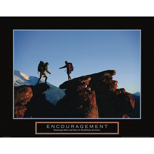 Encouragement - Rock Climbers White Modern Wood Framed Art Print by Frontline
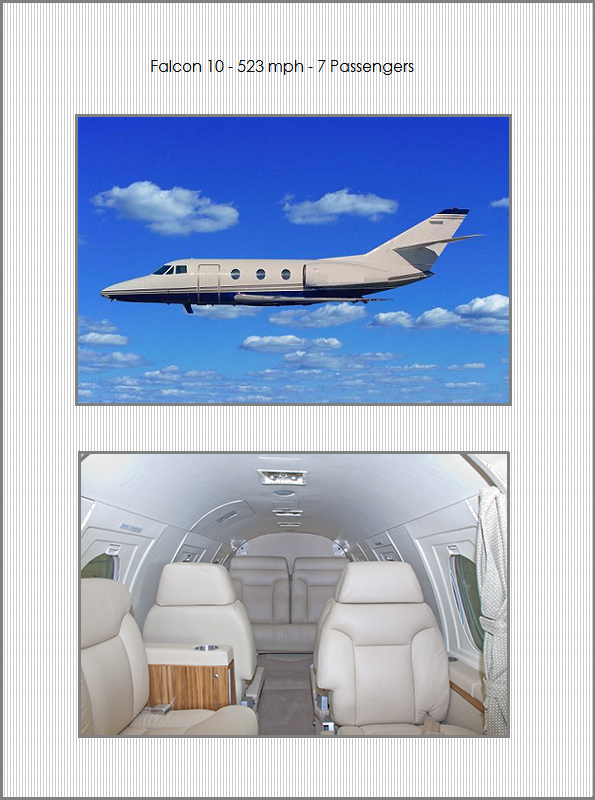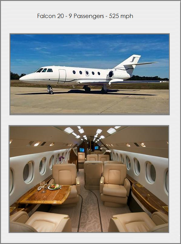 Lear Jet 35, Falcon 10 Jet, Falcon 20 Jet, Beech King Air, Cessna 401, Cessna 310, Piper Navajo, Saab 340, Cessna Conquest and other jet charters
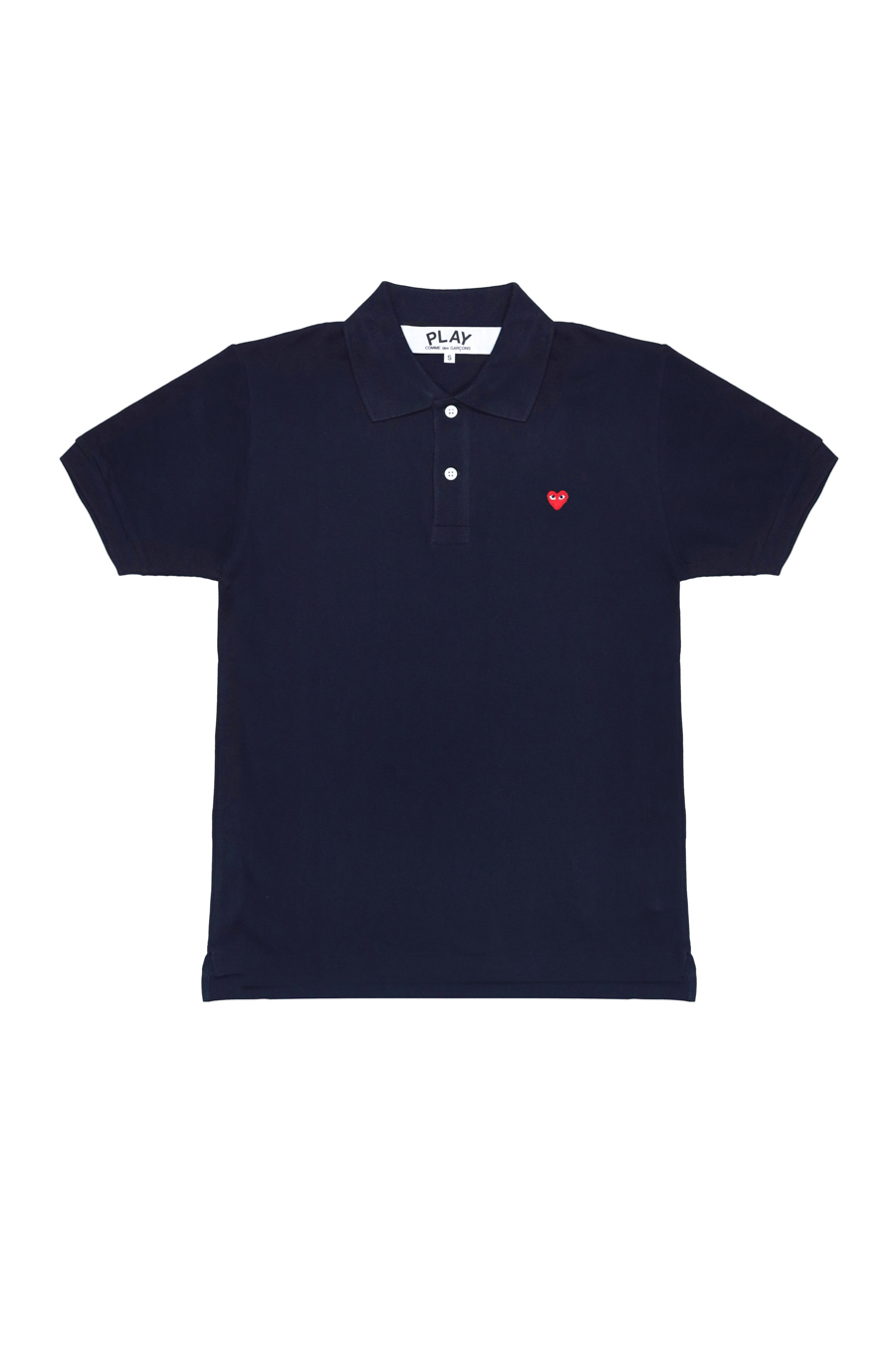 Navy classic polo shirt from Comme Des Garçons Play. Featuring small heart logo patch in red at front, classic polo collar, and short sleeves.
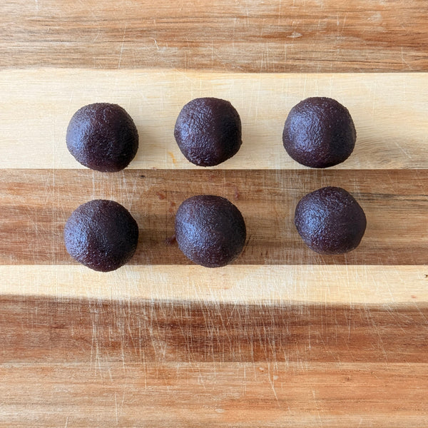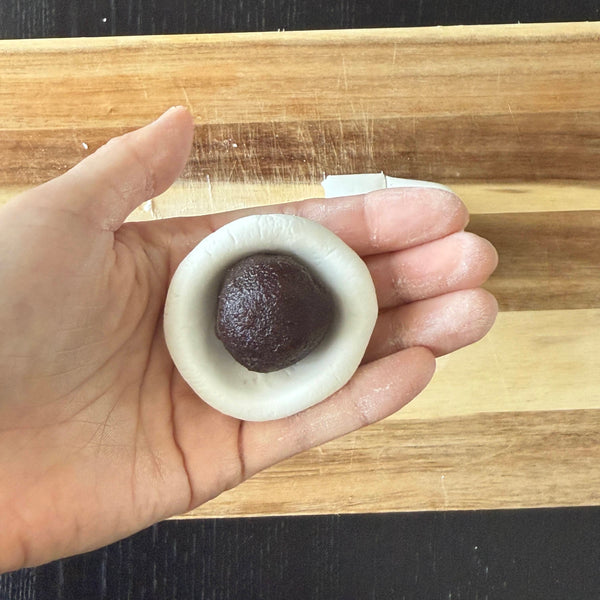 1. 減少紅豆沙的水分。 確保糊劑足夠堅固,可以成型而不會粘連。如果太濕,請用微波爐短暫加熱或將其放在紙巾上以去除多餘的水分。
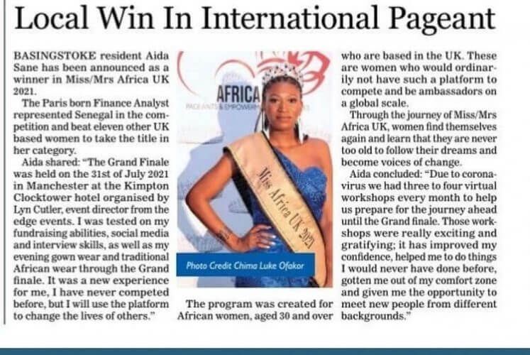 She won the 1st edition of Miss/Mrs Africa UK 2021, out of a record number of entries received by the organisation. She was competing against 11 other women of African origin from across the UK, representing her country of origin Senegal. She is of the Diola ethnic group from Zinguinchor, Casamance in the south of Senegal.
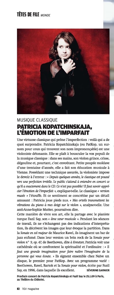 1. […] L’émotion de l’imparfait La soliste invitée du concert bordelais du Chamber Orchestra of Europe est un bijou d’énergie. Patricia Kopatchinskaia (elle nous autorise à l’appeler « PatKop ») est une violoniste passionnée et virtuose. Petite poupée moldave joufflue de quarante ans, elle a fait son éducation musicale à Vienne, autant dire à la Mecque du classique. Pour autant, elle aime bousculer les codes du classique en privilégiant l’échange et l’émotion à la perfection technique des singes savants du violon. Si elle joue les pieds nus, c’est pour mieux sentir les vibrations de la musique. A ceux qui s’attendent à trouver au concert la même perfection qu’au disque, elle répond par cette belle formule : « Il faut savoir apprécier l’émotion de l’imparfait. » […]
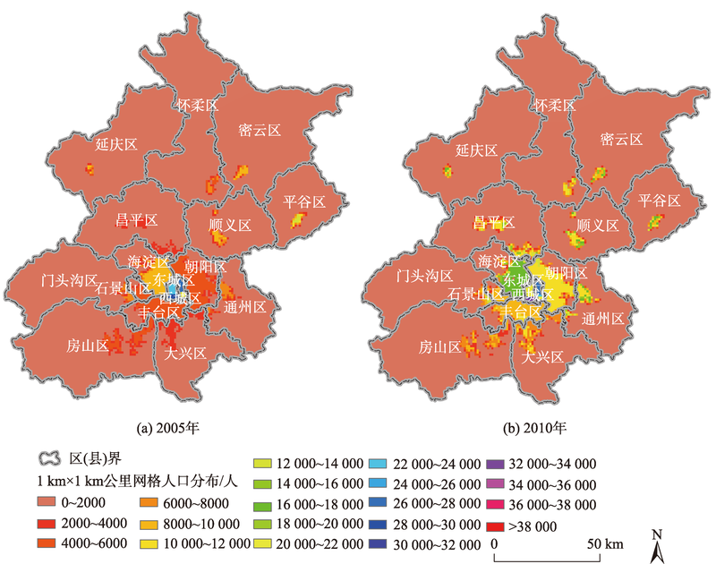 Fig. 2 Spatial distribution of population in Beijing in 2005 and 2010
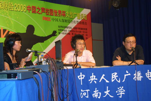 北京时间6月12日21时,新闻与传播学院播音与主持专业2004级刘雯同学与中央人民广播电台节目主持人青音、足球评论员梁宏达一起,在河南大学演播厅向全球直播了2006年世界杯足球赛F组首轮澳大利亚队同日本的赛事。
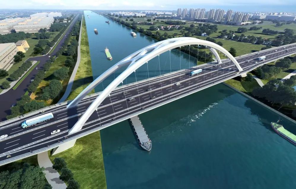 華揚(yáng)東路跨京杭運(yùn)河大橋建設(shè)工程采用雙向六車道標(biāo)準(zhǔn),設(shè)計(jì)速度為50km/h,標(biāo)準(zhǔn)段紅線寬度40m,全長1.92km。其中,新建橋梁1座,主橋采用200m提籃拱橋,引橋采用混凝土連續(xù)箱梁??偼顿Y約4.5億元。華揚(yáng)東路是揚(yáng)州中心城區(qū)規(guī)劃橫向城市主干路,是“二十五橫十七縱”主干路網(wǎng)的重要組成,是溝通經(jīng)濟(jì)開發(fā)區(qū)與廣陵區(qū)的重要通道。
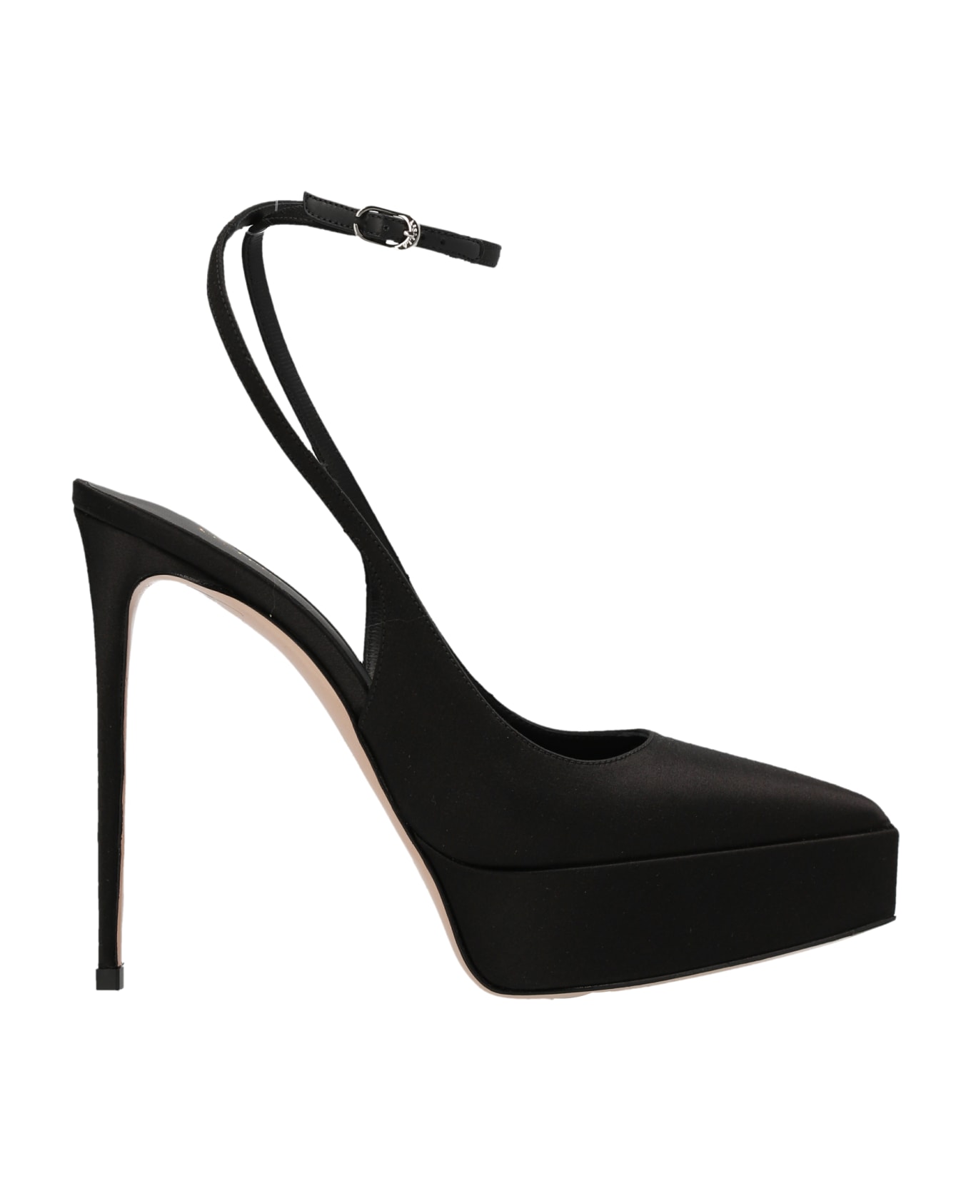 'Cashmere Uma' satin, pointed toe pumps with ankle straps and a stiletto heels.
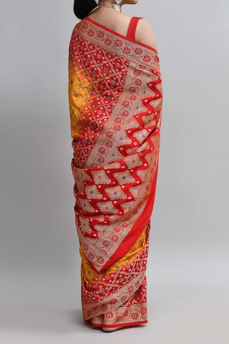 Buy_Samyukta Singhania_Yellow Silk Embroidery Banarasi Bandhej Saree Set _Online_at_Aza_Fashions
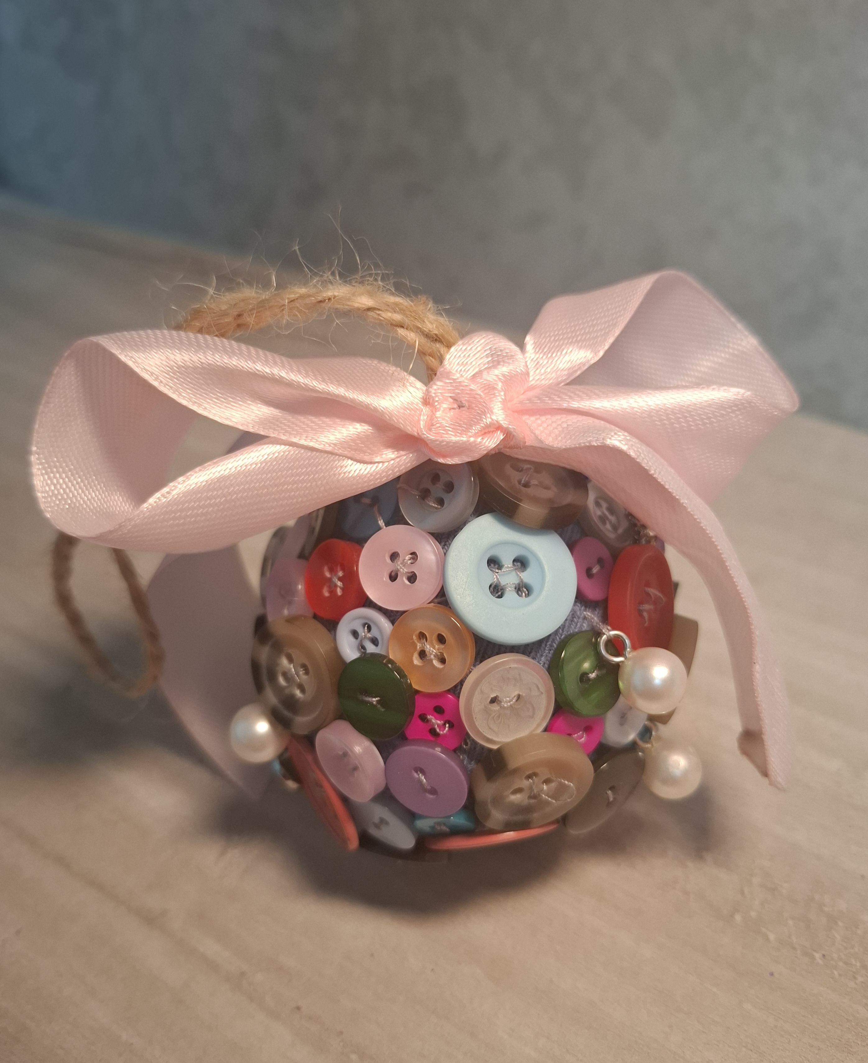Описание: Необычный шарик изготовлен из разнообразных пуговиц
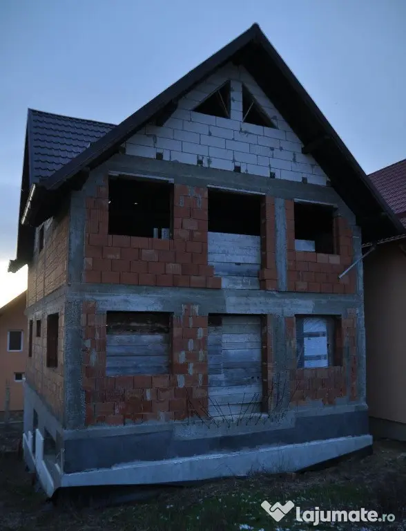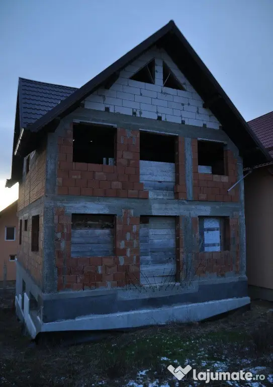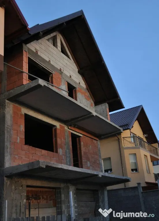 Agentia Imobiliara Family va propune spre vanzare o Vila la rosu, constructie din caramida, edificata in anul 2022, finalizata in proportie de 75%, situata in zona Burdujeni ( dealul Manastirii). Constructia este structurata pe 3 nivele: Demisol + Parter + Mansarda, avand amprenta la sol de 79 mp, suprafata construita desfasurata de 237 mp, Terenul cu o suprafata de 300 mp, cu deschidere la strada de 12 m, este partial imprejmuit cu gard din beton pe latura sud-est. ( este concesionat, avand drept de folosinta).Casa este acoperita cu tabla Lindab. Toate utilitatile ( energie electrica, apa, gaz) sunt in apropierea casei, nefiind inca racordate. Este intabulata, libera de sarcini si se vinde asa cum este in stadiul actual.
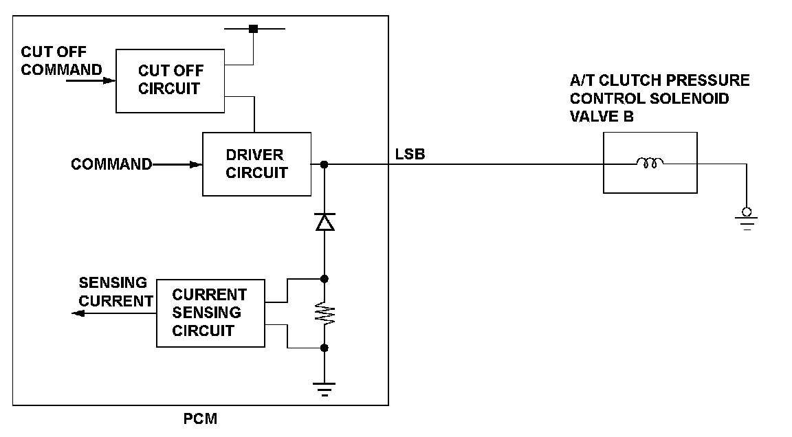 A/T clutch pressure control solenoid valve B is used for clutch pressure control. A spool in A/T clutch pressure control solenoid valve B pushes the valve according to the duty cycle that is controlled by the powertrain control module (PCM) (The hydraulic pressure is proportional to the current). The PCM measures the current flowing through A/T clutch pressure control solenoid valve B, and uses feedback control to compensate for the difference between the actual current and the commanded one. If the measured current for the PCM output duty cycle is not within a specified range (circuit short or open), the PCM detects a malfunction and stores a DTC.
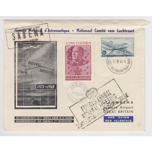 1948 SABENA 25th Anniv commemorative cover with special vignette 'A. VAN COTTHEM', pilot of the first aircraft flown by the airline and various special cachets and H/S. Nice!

=======

Directions
Set down, exactly as written above, each line from the one with "Navy classic polo" through the one with "1. 減少紅豆沙的水分。 確保糊劑足夠堅固,可以成型而不會粘連。如果太濕,請用微波爐短暫加熱或將其放在紙巾上以去除多餘的水分。", and skip the pictures.

Written solution
 Navy classic polo shirt from Comme Des Garçons Play. Featuring small heart logo patch in red at front, classic polo collar, and short sleeves.
 1. 減少紅豆沙的水分。 確保糊劑足夠堅固,可以成型而不會粘連。如果太濕,請用微波爐短暫加熱或將其放在紙巾上以去除多餘的水分。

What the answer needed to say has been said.